_INFORMATION SUPPLIED:_

________________________________________

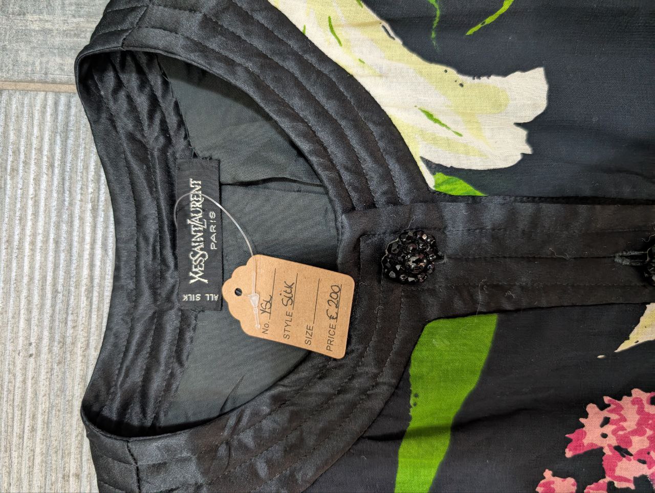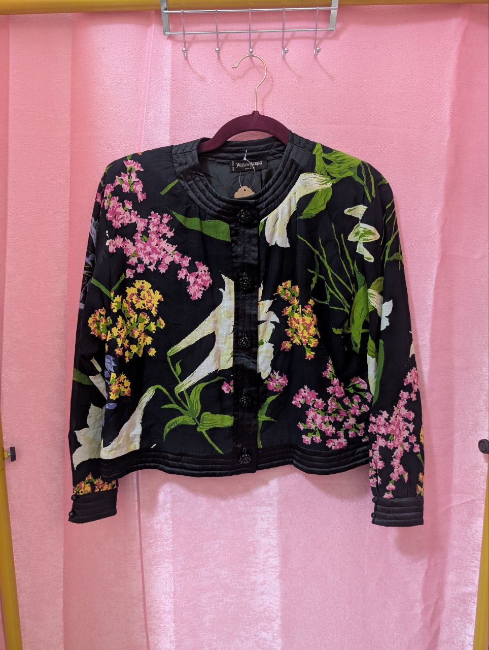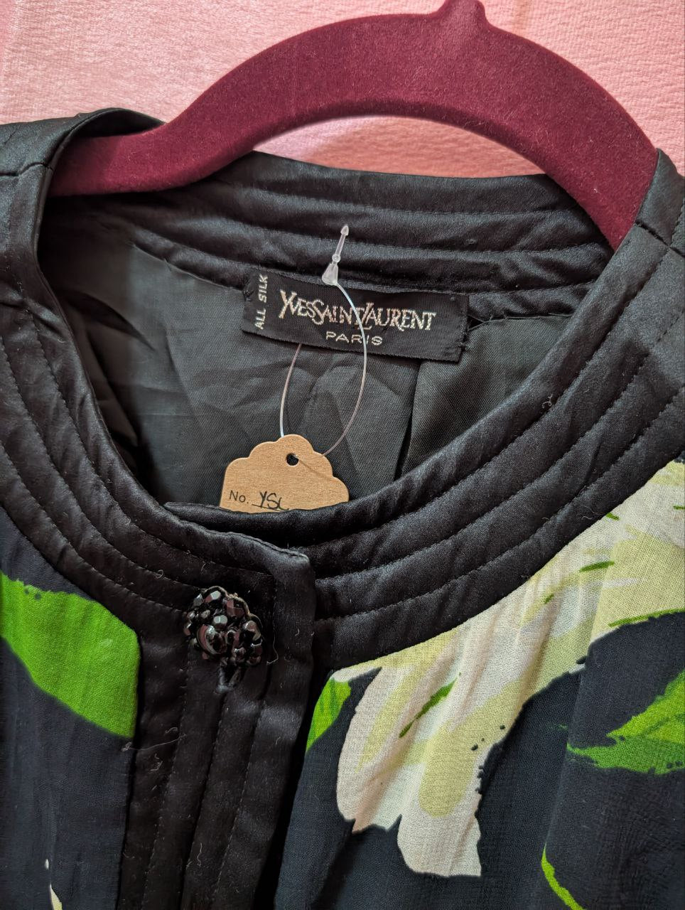 Stupenda giacca vintage, anni 80 circa, di Yves Saint Laurent, in pura seta e bottoni gioiello.
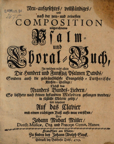 Werke — XII SONATES à un Hautbois de Concert, qu’on doit jouer sur cet Instrument sur tout quand il y a écrit Solo, deux Hautbois ou Violons, une Taille, un Fagot & Basse Continue pour le Clavecin, ou Basse de Violon […] Premier Ouvrage, Amsterdam: Roger [1709/10]; s. RISM M 7904 <> (mit 21 Melodien Müllers:) Neu-aufgesetztes / vollständiges / und nach der neu- und reinesten COMPOSITION eingerichtetes Psalm- und Choral-Buch, In welchem nicht allein Die Hundert und Funffzig Psalmen Davids / Sondern auch die gebräuchlichste Evangelisch-Lutherische Kirchen-Gesänge / Nebst des Neanders Bundes-Liedern / So bißhero nach keinen bekandten Melodien gesungen worden / in fügliche Melodie gesetzt / Und insgesamt Auf das Clavier mit einem richtigen Baß aufs neue versehen, Frankfurt/M.: Stock 1718 bzw. 1719 [vgl. hierzu Schaefer, S. 564 und 568]; s. RISM M 7898 (s. Abb. aus D-Mbs) – 2. erw. Aufl. Frankfurt: Stocks Erben 1735 bzw. 1736; s. RISM M/MM 7899 bzw. MM 7899a – weitere erw. Aufl. als Vollständiges Hessen-Hanauisches Choral-Buch, hrsg. von Johann Daniel Müller, ebd. 1754; s. RISM M 7900 <> Anhang Zu dem Müllerischen Psalmen- und Choral-Buch […], ebd. 1739; s. RISM M 7901 – Vermehrter Anhang […], ebd. 1741; s. RISM M 7902 <> Variirter Choral- und Psalmen, Mit einigen kurtzen Präludien, Bey dem Gottes-Dienst und Privat-Andacht nützlich zu gebrauchen […] Erster Theil, Frankfurt/M.: Stocks Erben 1735; s. RISM M 7903 – ein 2. Teil (mit „Präludia, Fugen und 1 Concert“) erschien Adlung (S. 694) zufolge ebd. 1739; er ist nicht überliefert.
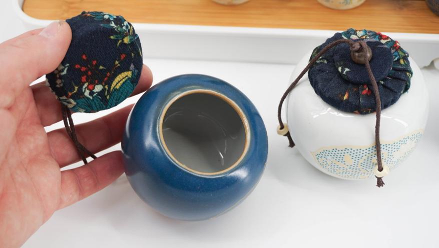 - Чаегуань — небольшие баночки для хранения запаса чая. В наборе были две небольшие (180 мл) баночки-чаегуань, в которых можно хранить два сорта чая.
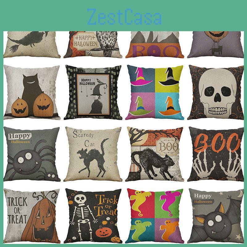 Vibrant Halloween Animal Print Cushion Cover Cotton Linen Pillow Case For Festive Home Decor

________________________________________

_PROBLEM DESCRIPTION:_ Skip the images and set down the rest of the data unchanged.

_PROBLEM SOLUTION:_
 Stupenda giacca vintage, anni 80 circa, di Yves Saint Laurent, in pura seta e bottoni gioiello.
 Werke — XII SONATES à un Hautbois de Concert, qu’on doit jouer sur cet Instrument sur tout quand il y a écrit Solo, deux Hautbois ou Violons, une Taille, un Fagot & Basse Continue pour le Clavecin, ou Basse de Violon […] Premier Ouvrage, Amsterdam: Roger [1709/10]; s. RISM M 7904 <> (mit 21 Melodien Müllers:) Neu-aufgesetztes / vollständiges / und nach der neu- und reinesten COMPOSITION eingerichtetes Psalm- und Choral-Buch, In welchem nicht allein Die Hundert und Funffzig Psalmen Davids / Sondern auch die gebräuchlichste Evangelisch-Lutherische Kirchen-Gesänge / Nebst des Neanders Bundes-Liedern / So bißhero nach keinen bekandten Melodien gesungen worden / in fügliche Melodie gesetzt / Und insgesamt Auf das Clavier mit einem richtigen Baß aufs neue versehen, Frankfurt/M.: Stock 1718 bzw. 1719 [vgl. hierzu Schaefer, S. 564 und 568]; s. RISM M 7898 (s. Abb. aus D-Mbs) – 2. erw. Aufl. Frankfurt: Stocks Erben 1735 bzw. 1736; s. RISM M/MM 7899 bzw. MM 7899a – weitere erw. Aufl. als Vollständiges Hessen-Hanauisches Choral-Buch, hrsg. von Johann Daniel Müller, ebd. 1754; s. RISM M 7900 <> Anhang Zu dem Müllerischen Psalmen- und Choral-Buch […], ebd. 1739; s. RISM M 7901 – Vermehrter Anhang […], ebd. 1741; s. RISM M 7902 <> Variirter Choral- und Psalmen, Mit einigen kurtzen Präludien, Bey dem Gottes-Dienst und Privat-Andacht nützlich zu gebrauchen […] Erster Theil, Frankfurt/M.: Stocks Erben 1735; s. RISM M 7903 – ein 2. Teil (mit „Präludia, Fugen und 1 Concert“) erschien Adlung (S. 694) zufolge ebd. 1739; er ist nicht überliefert.
 - Чаегуань — небольшие баночки для хранения запаса чая. В наборе были две небольшие (180 мл) баночки-чаегуань, в которых можно хранить два сорта чая.
 Vibrant Halloween Animal Print Cushion Cover Cotton Linen Pillow Case For Festive Home Decor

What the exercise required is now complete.